Colonel Peter Lewin, MD, FI' 79
Explorer, paediatrician, medical archaeologist, soldier, humanitarian and dear friend
Link to Curriculum Vitae

It is with a heavy heart that I announce the death of Colonel Peter Lewin, MD, FI' 79. Peter died of cancer on June 7, 2005 in Toronto and was buried at Toronto's Mount Pleasant Cemetery on June 10th.

A Memorial Service was held for Peter on June 17th at Massey College, University of Toronto which was attended by a huge adoring crowd from the Canadian Forces Medical Services Branch, the University of Toronto and the Hospital for Sick Children all of whom came to pay their final respects to this outstanding man who contributed so much to Canada, field sciences, medicine and exploration. On behalf of The Explorers Club William Jamieson, Duane Robertson and I attended.

Peter and I first met in 1988 when we were both stationed in Toronto at Land Forces Central Area HQ as Reservists. Peter at the time was the Senior Medical Officer for the Army in Ontario. While I always liked his sense of humour it wasn't until we had a chance meeting at the former Canadian Forces base in Lahr, Germany that we became close friends. I had just returned from a peacekeeping assignment in Cyprus and Peter had just completed a NATO medical officer's conference in Heidelberg when we ran into each other in the Lahr Officer's Mess. Earlier in his career Peter had been stationed in Germany with the Canadian Forces so he knew the area well and he took me on a tour of the nearby Black Forest region.

When my son Jonathan was born I made sure that Peter became his paediatrician. Peter worked at the Hospital for Sick Children in Toronto. It was Peter who introduced Jonathan to both Canadian Aboriginal Art and to Egyptology. Peter was the first person to introduce Canadian Aboriginal art to Germany. Having grown-up in Egypt during the Second World War Peter developed a fascination in Egyptology and he developed the concept of performing autopsies on Egyptian mummies to see the types of diseases which were common in ancient Egypt. Peter's picture hangs on the wall of the Egyptology Department of the Royal Ontario Museum. When Jonathan was younger he got a big kick out of seeing his doctor's picture on the ROM's wall.

It was Peter who sponsored me into The Explorers Club and who introduced me to Bill Jamieson. The three of us would later decide to revamp the Canadian Chapter and from January 8, 2003 until January 1, 2005 that is what the three of us did.

Six weeks ago Peter called me and told me that he had completed all of the required work on his end to bring about an affiliation between The Explorers Club and the Royal Canadian Military Institute. During the conversation he told me that he was an inpatient at Princess Margaret Hospital, Toronto's cancer care facility. His voice sounded very week, and it broke my heart, but as was the norm with Peter he told me not to worry.

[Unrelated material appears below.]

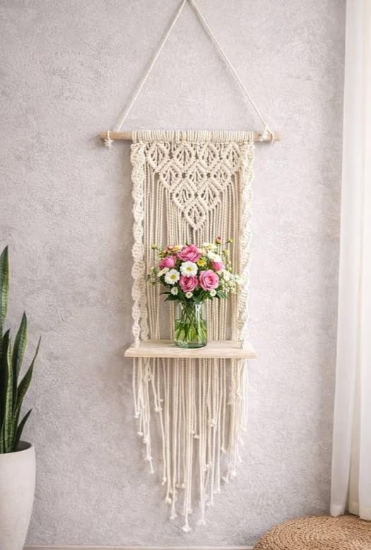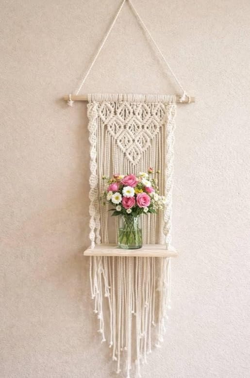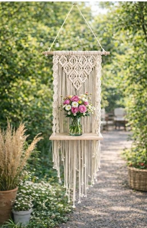 - تصميم فني مكرمية: رف تعليق مكرامية مصنوع يدويًا بتصميم هندسي جميل مع خيط طويل متدلي يضيف لمسة بوهيمية أنيقة إلى ديكور منزلك

Peter was buried in a ceremony that combined Jewish religious traditions with a formal Canadian Forces burial complete with Piper, Bugler and Honour Guard. His grave was shaded by a large maple tree, and the scene
was serene with the piper playing traditional Scottish hymns and the bugler sounding the Last Post. Repeatedly I bit the inside of my lower lip to keep the tears that were trickling down the side of my face from breaking into a
steady stream. Keeping with Jewish tradition, family and friends filled Peter's grave with shovel-fulls of earth, since your life begins with your family it is to end with your family and friends closing your grave. Peter
helped save Jonathan's life when Jonathan was five-weeks-old, so it was only fitting that Jonathan help close Peter's grave.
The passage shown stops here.